New subject: [openstack][sharing][kolla ansible]Problems when 1 of 3 controller was be down

12 Apr 2023

      Hi all,

It seems worth noting here that there is a fix ongoing in
oslo.messaging which will resolve the issues with HA failing when one
node is down. See here:
https://review.opendev.org/c/openstack/oslo.messaging/+/866617
In the meantime, we have also found that setting kombu_reconnect_delay
= 0.5 does resolve this issue.

As for why om_enable_rabbitmq_high_availability is currently
defaulting to false, as Michal said enabling it in stable releases
will impact users.
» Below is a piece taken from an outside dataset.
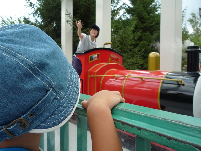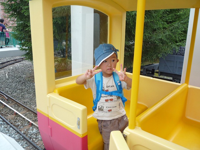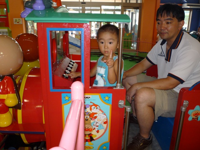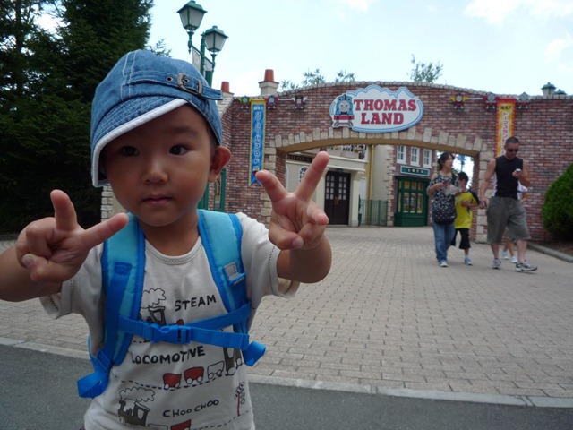 1045日目 前日、海に行ったが波の怖さで退散しプールへとなった。 そして、次の日はパパに頼んでFUJIQにきてみた トーマスランド、もちろんここまでパパは肩車です。 ジェームズは先頭に座れるとボタンが押せてラッキーらしい しかし、最後尾 これも最後、並んでいるのでしょうがない、 その後お昼を食べた後、3Dシアターに行き飽きたので帰りました。

This is because it enables durable queues, and the
migration from transient to durable queues is not a seamless
procedure. It requires that the state of RabbitMQ is reset and that
the OpenStack services which use RabbitMQ are restarted to recreate
the queues.

I think that there is some merit in changing this default value. But
if we did this, we should either add additional support to automate
the migration from transient to durable queues, or at the very least
provide some decent docs on the manual procedure.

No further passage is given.